RSS:
Beatles.ru в Telegram:
|
|
Интервью с Робертом Фриппом
Роберт Фрипп следует учению мистика Гурджиева, пишет трактаты по философии музыки и играет на гитаре. Один из лучших гитаристов мира играет в группе King Crimson, которая за 34 последних года сильно раздвинула границы музыки рок. Перед выездом на гастроли Фрипп встретился с журналистами газет El Pais (Испания), Liberation (Франция), Dagens Nuheter (Швеция) и Aloha (Голландия).
— Название вашего последнего альбома — “The Power to Believe” («Сила поверить»), что здесь имеется в виду? Вера в человеческие возможности или что-то более трансцендентное?

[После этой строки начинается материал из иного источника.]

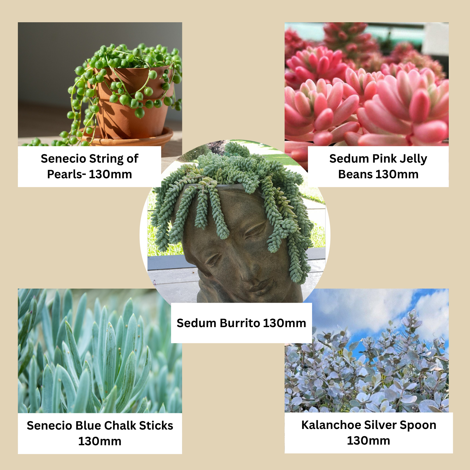 Picture is representative of what you will receive in 130mm pot Size plant (send As bare rooted), but may vary slightly because no two succulents are the same.

— Это вопрос скорее к Эдриану (Белью — вокалист, гитарист и автор текстов King Crimson. — Прим. ред.). Словосочетание взято из текста песни, которую Эдриан, насколько я понимаю, написал по случаю знакомства со своей будущей женой. Таково мое понимание ее смысла, самое простое, основанное только на тексте. Но можно предложить и более общее толкование. Любой, кто умеет читать и читает газеты, ходит на работу двадцать или тридцать лет подряд, каждый, кто существует в рамках коммерческой культуры, — все последовательно мыслящие люди должны были бы прийти в отчаяние, для этого не обязательно даже включать новости. Если информация, которую нам предлагают, действительно сообщает обо всем, что происходит в мире, то, выходит, жизнь слишком тяжела. Естественная реакция — просто махнуть на все рукой. Мы бессильны. Характерно, что японское издание альбома “Happy with What You Have to Be Happy with” («Хватит и того, чего должно хватать») вышло под названием “Shoganai”, что для японцев звучит совсем иначе, нежели английское название для нас. На французский язык это можно было бы перевести как “C’est la vie”. По-английски можно было бы сказать “That’s life” — «Бывает». Но ни то ни другое не может точно передать значение японского выражения, которое более-менее соответствует, например, такой строчке: «Взорвались две атомные бомбы… Ну что ж, бывает!» Вот это — shoganai.
— Судьба?
— Ну, это близко. Но вообще, когда рядом взрываются две атомные бомбы, наверное, хочется сказать больше, чем просто: «Это судьба». “Shoganai” — слово прекрасное в своей многозначности, это понятие охватывает великое множество возможных обстоятельств — от «мой возлюбленный только что погиб при аварии в метро» до «все надежды тщетны». В Японии это слово обладает мощным эмоциональным зарядом, в нем заложены безнадежность и отчаяние — отчаяние, основанное на логике. С другой стороны, надежда — нелогична, иррациональна. А любовь — это больше, чем логика, и больше, чем отчаяние.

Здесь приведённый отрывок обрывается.